-- Task inputs --

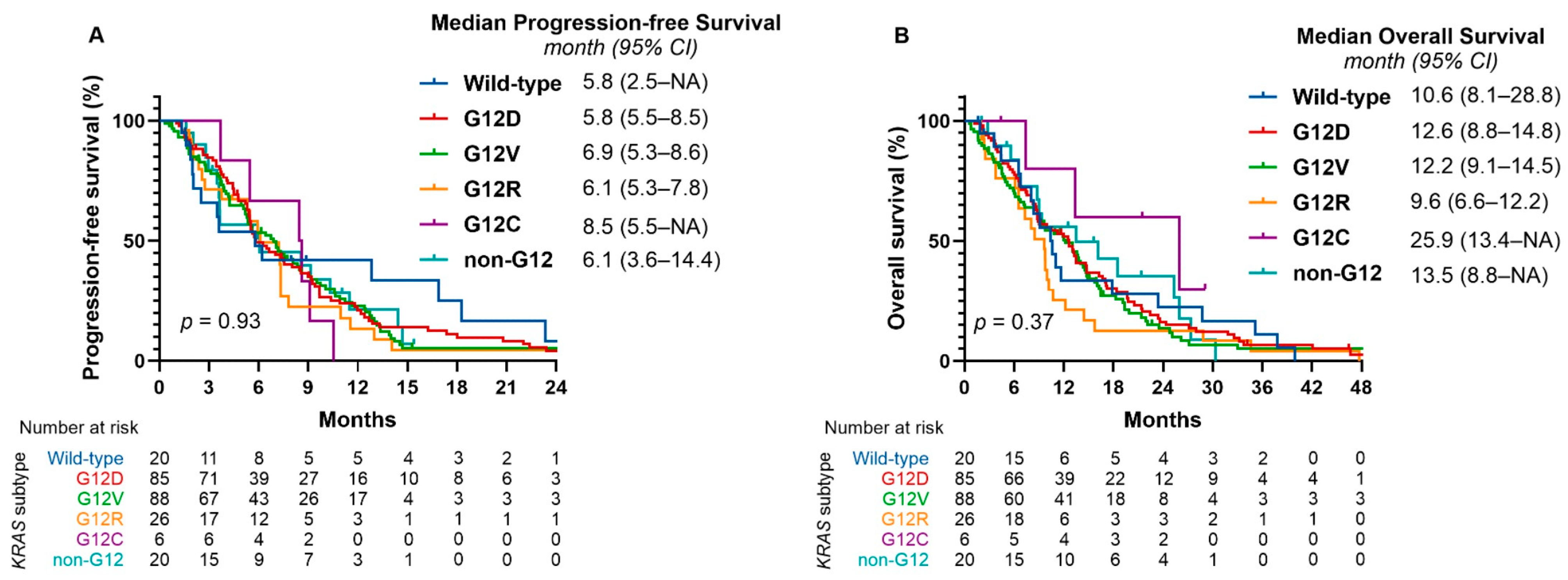 2.5. KRAS Mutation Subtypes and Treatment Outcomes
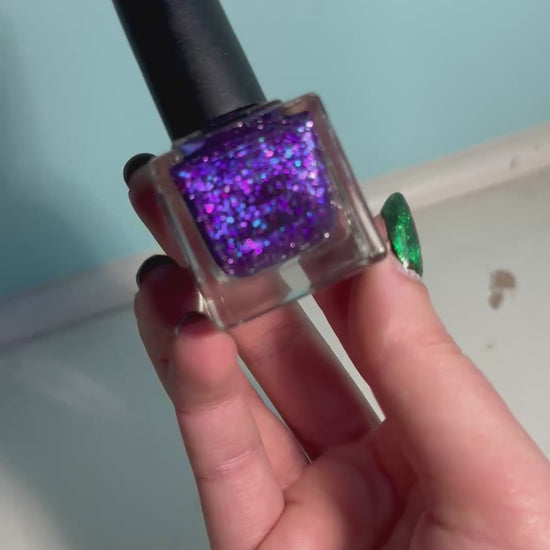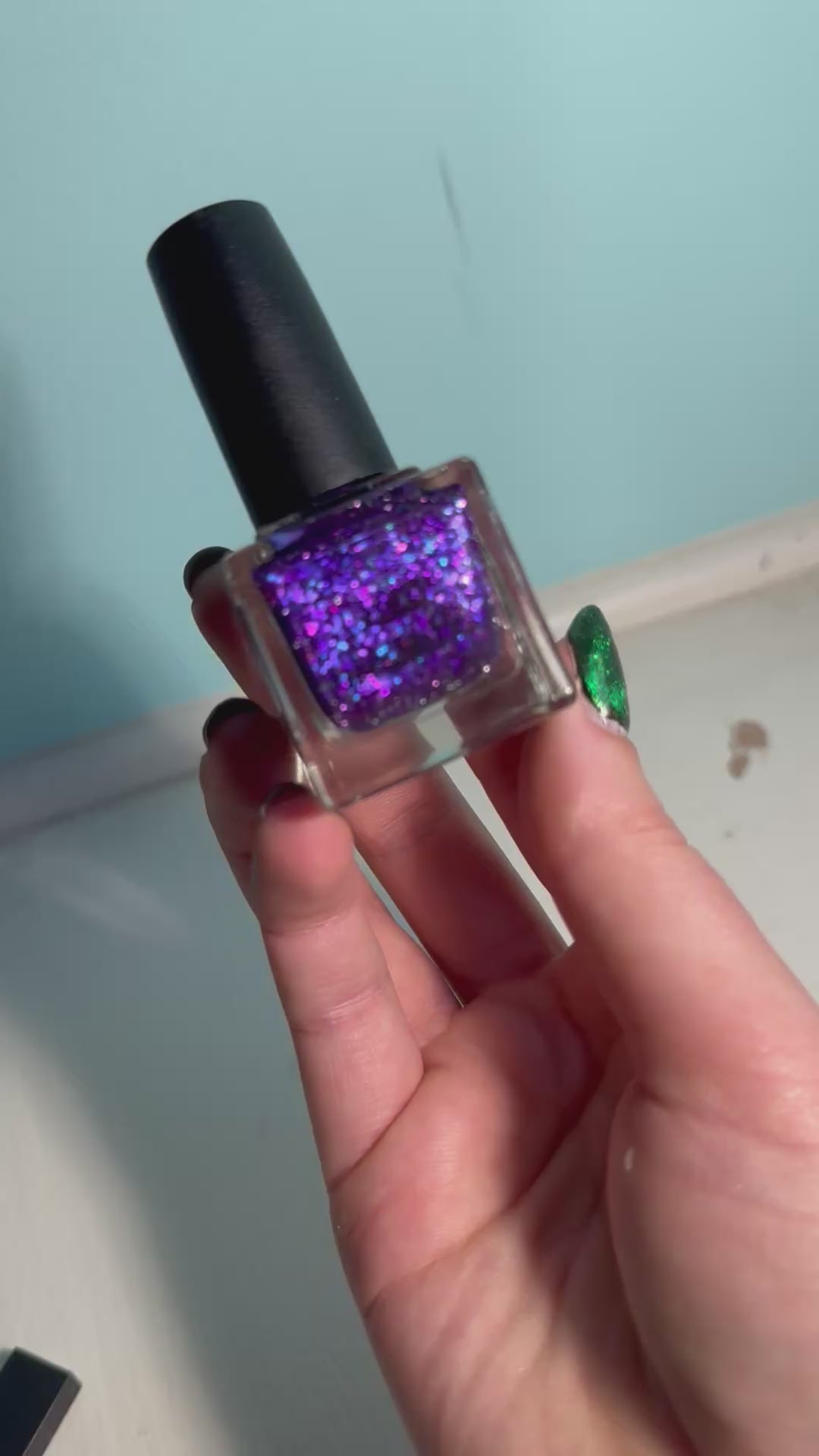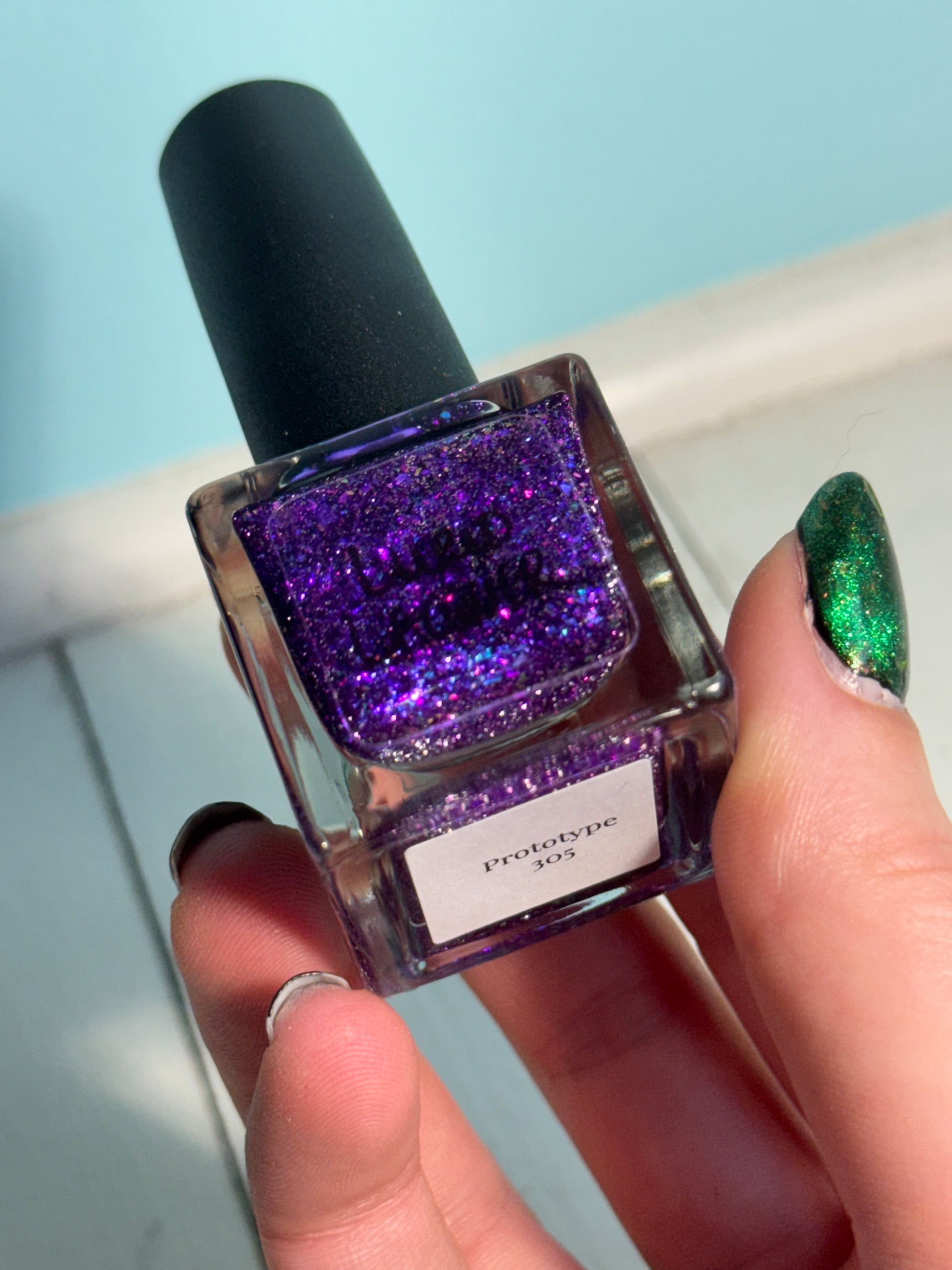 Looks like small jewel tone purple/blurple flakes with reflective glitter
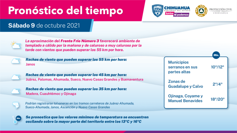 Para el domingo 10 de octubre, el frente frío número 3 en interacción con un canal de baja presión e inestabilidad atmosférica superior, favorecerá ambiente de templado a cálido por la mañana y de caluroso a muy caluroso por la tarde, con un cielo despejado, con rachas que pueden superar los 45 y 55 km/h en partes de las zona norte, noroeste y centro, incluido a Juárez, Palomas, Guadalupe, Janos, Ahumada, Namiquipa, Sueco y Cuauhtémoc.
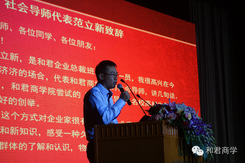 图:企业家导师代表 北京御中源投资管理公司董事长 和君企业总裁班第五期学员 范立新 讲话
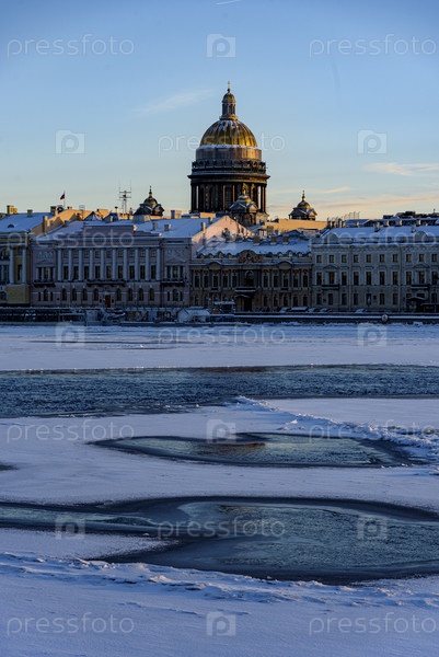 Собор святого Исаака, освещенный закатом солнца над замерзшими водами Невы
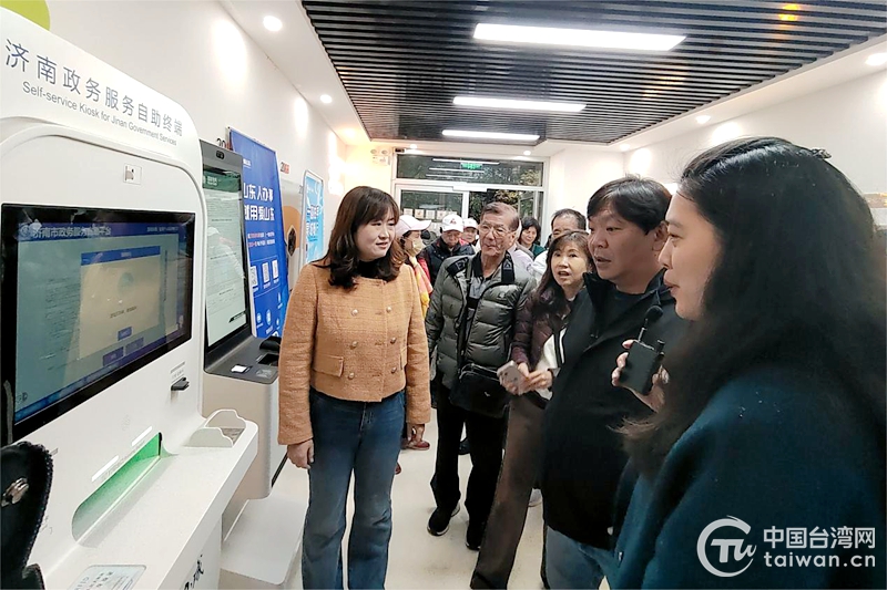臺(tái)灣客人近距離體驗(yàn)社區(qū)政務(wù)服務(wù)自助終端(濟(jì)南市臺(tái)港澳辦供圖)
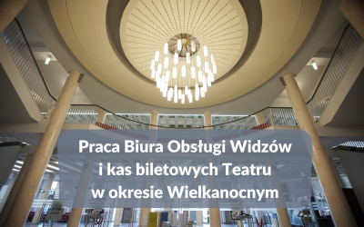 Drodzy Widzowie, uprzejmie informujemy, że w piątek (3 kwietnia) Biuro Obsługi Widzów będzie nieczynne, a kasy biletowe w dniach 3 i 4 kwietnia (piątek–sobota) pozostaną zamknięte. Zachęcamy do ...
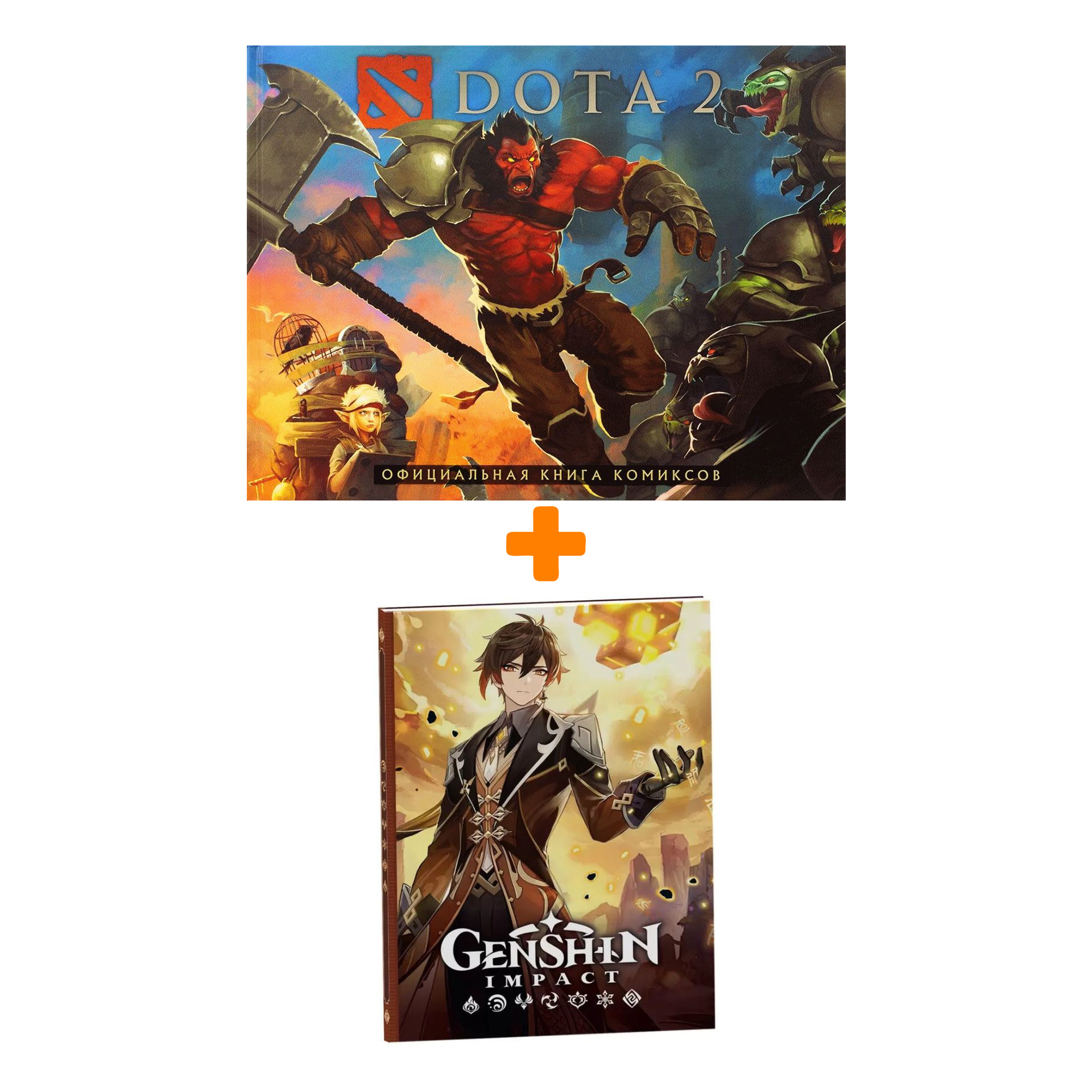 Набор Комикс Dota 2. Официальная книга комиксов + Блокнот Genshin Impact с наклейками коричневый
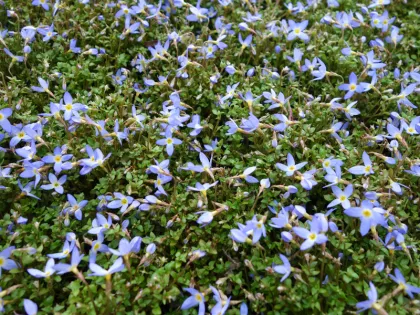 En fait, Houstonia caerulea se développe très bien sur des portions de terrain, assez pauvre où les autres végétaux ont du mal à se développer : elle fait merveille lorsqu’elle se naturalise dans une pelouse ombragée envahie par la mousse, avec laquelle elle est capable de rivaliser, ou remplit une pelouse ensoleillée trop dégarnie. L’houstonie bleue se cultive aussi avec succès dans une rocaille, elle est idéale pour un jardin de gravier ou pour agrémenter les interstices d’un dallage planté.
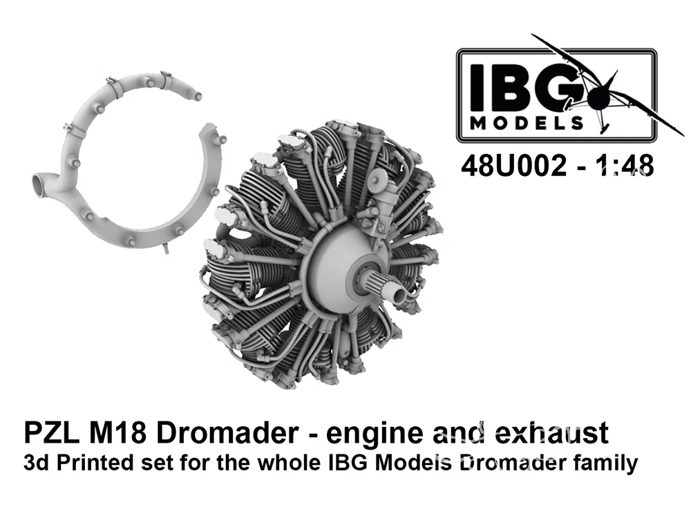 IBG maquette militaire 48U002 Moteur et échappement pour PZL M18 Dromader Kit imprimé en 3D 1/48
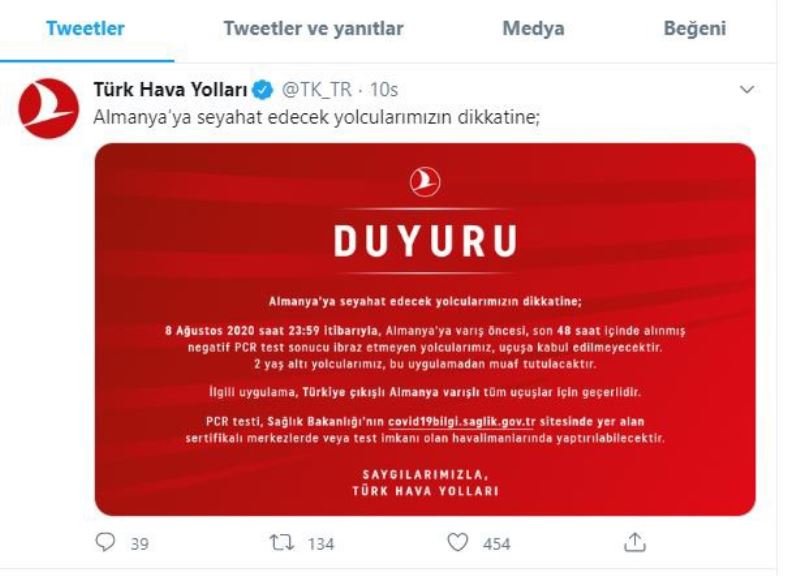 Türk Hava Yolları'nın resmi sosyal medya platformlarından konuya ilişkin yapışan paylaşımda, "Almanya'ya seyahat edecek yolcularımızın dikkatine; 8 Ağustos saat 23.59 Almanya'ya varış öncesi, son 48 saat içerisinde alınmış negatif PCR sonucu ibraz etmeyen yolcularımız, uçuşa kabul edilmeyecektir. 2 yaş altı yolcularımız, bu uygulamadan muaf tutulacaktır. İlgili uygulama, Türkiye çıkışlı Almanya varışlı tüm uçuşlar için geçerlidir. PCR testi, Sağlık Bakanlığı'nın covid19bilgi.saglik.gov.tr sitesinde yer alan sertifikalı merkezlerde veya test imkanı olan havalimanlarında yaptırılabilecektir" denildi.

-- What is needed --
From the line containing "IBG maquette militaire" down to the final line of the listing above, write out only those lines exactly as they are, minus the pictures.

-- Result of the task --
 IBG maquette militaire 48U002 Moteur et échappement pour PZL M18 Dromader Kit imprimé en 3D 1/48
 Türk Hava Yolları'nın resmi sosyal medya platformlarından konuya ilişkin yapışan paylaşımda, "Almanya'ya seyahat edecek yolcularımızın dikkatine; 8 Ağustos saat 23.59 Almanya'ya varış öncesi, son 48 saat içerisinde alınmış negatif PCR sonucu ibraz etmeyen yolcularımız, uçuşa kabul edilmeyecektir. 2 yaş altı yolcularımız, bu uygulamadan muaf tutulacaktır. İlgili uygulama, Türkiye çıkışlı Almanya varışlı tüm uçuşlar için geçerlidir. PCR testi, Sağlık Bakanlığı'nın covid19bilgi.saglik.gov.tr sitesinde yer alan sertifikalı merkezlerde veya test imkanı olan havalimanlarında yaptırılabilecektir" denildi.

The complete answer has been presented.